Freedom of Information Review

The Freedom of Information and Protection of Privacy Act (FIPPA) requires that the Act be reviewed by a special committee of the Legislative Assembly every six years. That review is currently underway; the deadline for submissions has been extended to February 28. The Committee’s website provides information making submissions. My submission is copied below.

Submission to the Special Committee to Review
the Freedom of Information
and Protection of Privacy Act

From: David D. Schreck

This submission briefly reviews a few of the troubles I have had when using the Act. I look forward to reviewing submissions your Committee receives to see what frustrations others have experienced.

In July 2007 the Vancouver Sun and the Victoria Times Colonist ran stories about their freedom of information request with respect to the BC Place Stadium's roof; fourteen of fifteen pages had been completely blanked out. As a regular user of FOI, I am reluctant to pay for the response to any request out of fear of receiving a bundle of mostly blank pages. The Special Committee to Review the Freedom of Information and Protection of Privacy Act should recommend that fees be waived whenever 20 per cent or more of a document(s) is blanked out.

Your Committee deserves recognition for the background information available on its website. Links are found there to the 1999 and 2004 reports from your Committee's predecessors. The 2004 Committee, chaired by Blair Lekstrom, is important because it recommended a solution for the problems created from a December 2, 2002, B.C. Court of Appeal decision involving section 13(1) of the Act in the "Dr. Doe case" - or College of Physicians and Surgeons of British Columbia v. British Columbia (Information and Privacy Commissioner).

Two paragraphs, numbers 110 and 111, of that decision are particularly important; the Court essentially stated that the word "advice" used in section 13 of the Act should be given broad interpretation so as to include factual material. Since that decision was rendered government has frequently used section 13 as its excuse for not providing information, e.g. blanking out 14 of 15 pages.

In his 2006-2007 Annual Report, Commissioner Loukidelis wrote:
"I have said publicly many, many times that a 2002 decision of our Court of Appeal gave the advice or recommendations exception to the public's right of access too broad an interpretation. The court's broad interpretation of advice or recommendations represents the greatest step backward in the public's right to know what is going on in government. The Legislative Assembly review committee certainly agreed and recommended specific amendments to restore openness and accountability. Courts elsewhere in Canada, notably the Ontario Court of Appeal, have rejected our appeal court's interpretation, so the government's claim that the court agrees with the government is hardly forceful."
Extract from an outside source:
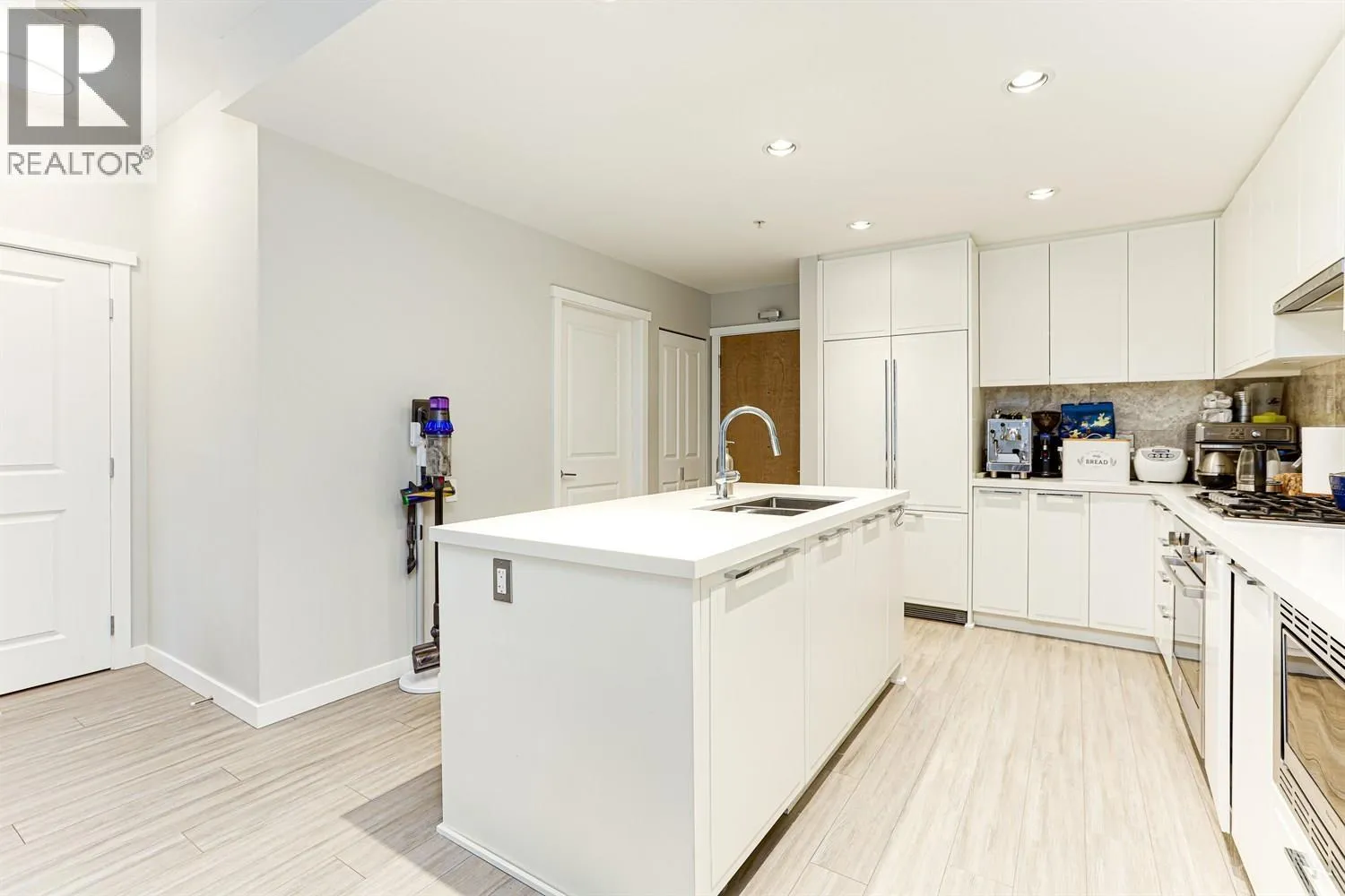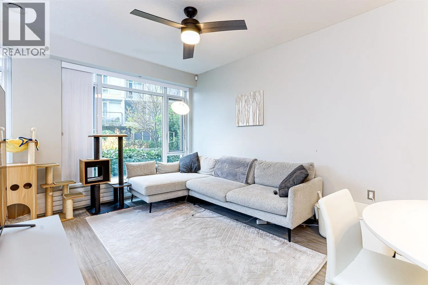 Largest floorplan in the building! This rarely available 983 sq.ft. ground-floor corner home offers a bright and spacious 2 bed + den, 2 bath layout with an oversized private patio-ideal for entertaining or relaxing. Beautifully maintained and showing exceptionally well, this home features 9 ft ceilings, large windows, modern finishings, and a highly functional open-concept design. Built by renowned Polygon with exceptional quality and concrete construction. Located in the heart of the vibrant River District waterfront community, enjoy walkable access to shops, restaurants, grocery, banks, daycare, parks, and scenic riverside trails. Central Vancouver location with quick access to Burnaby. Safe, quiet, family-friendly neighbourhood. Open House Sun Dec 21, 2-4 PM. (id:27476)

"The bottom line is that the bureaucracy is perfectly content with the Court of Appeal's crabbed view of public access to information rights under FIPPA. This is unfortunate, since it unnecessarily and inappropriately empowers more information to be hidden from the public than before. As the government increasingly removes itself from the business of providing services, focusing instead on setting policy directions, the diminishment of the public's right to access policy advice renders the government increasingly unaccountable. The Premier and Cabinet have an excellent chance here to show leadership by restoring democratic openness and accountability. In this instance, the dialogue between the courts and the Legislature should end with the Legislature asserting its supremacy and reaffirming its commitment to transparency."
Like the 2004 Committee, your Committee should recommend that section 13(1) be fixed to the satisfaction of the Commissioner.

Section 12 of the Act, dealing with Cabinet and local public body confidences, is also subject to abuse. In 2008 a coalition of BC forestry companies, in a submission to the Western Climate Initiative, held the Ministry of the Environment up as an example that should be followed when it comes to regulating greenhouse gas emissions. According to the forest companies: "...the WCI should not require mandatory verification. Rather, an approach similar to regulatory reporting should be embraced that requires regulated sectors to self report carbon using defined protocols and tools. The jurisdiction would have the right to audit the data as they do today in BC regarding all emissions reporting."
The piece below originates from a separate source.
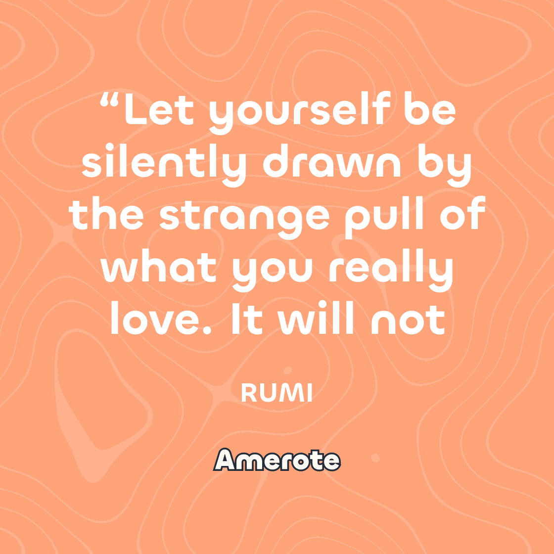 - “Let yourself be silently drawn by the strange pull of what you really love. It will not lead you astray.” — Rumi, Masnavi (13th c.)

Since that recommendation made its way into law with Bill 18, 2008 Greenhouse Gas Reduction (Cap and Trade) Act, I wanted to know how the system applauded by the forest industry actually works with respect to industrial gases, other than greenhouse gases, that have been regulated for years. Initially I was told that the response to my request would involve thousands of pages and a substantial cost. I narrowed the terms of my request, making it clear that all I wanted was a simple description of how the regulatory system works and whether any violations have occurred. In response to that simplified request, the response from the Ministry of the Environment said: "We have now completed out consultation with the Office of the Premier. I regret to inform you that we cannot provide you with the records you requested as they consist of information that is excepted from disclosure under the Act." The letter went on to quote Section 12(1) of the Freedom of Information and Protection of Privacy Act.
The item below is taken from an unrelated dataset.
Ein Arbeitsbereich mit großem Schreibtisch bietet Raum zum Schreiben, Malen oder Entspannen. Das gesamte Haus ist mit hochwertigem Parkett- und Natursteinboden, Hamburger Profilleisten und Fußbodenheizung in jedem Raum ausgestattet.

It is hard to believe that documents which explain how the current system of regulating reportable gas emissions could be excluded from disclosure because they would reveal cabinet confidences. Consequently, I filed an appeal with the Freedom of Information and Privacy Commissioner, but I ultimately abandoned the appeal as it appeared that the process would take years with little likelihood of success. The Office of the Commissioner does not receive an adequate budget to expeditiously deal with appeals; the resulting backlog further undermines the spirit of access to information. I urge your Committee to recommend that the Office of the Commissioner receive adequate funding to handle appeals in a timely manner, and that a regular review process identify how to reduce appeals through a commitment to open government.

In my experience it takes over three months to get what is often an unsatisfactory response to a request for information. After the initial wait period, a letter usually arrives saying that the request is complex and requires additional time; that is followed by a letter saying that another public body must be consulted, requiring yet more time. I make it a matter of personal policy to submit a second information request asking for the names of the other public bodies that are consulted. Your Committee should recommend that whenever the time limits are extended for a request, the public body extending the limits should notify the requestor which other bodies are being consulted. At least that would save costs on both ends of the transaction rather than having to go through another FOI to find out which bodies were consulted.

Changes to the Act are important, but no changes can replace the need for a commitment throughout government to an attitude that the public has a right to know what is going on in government.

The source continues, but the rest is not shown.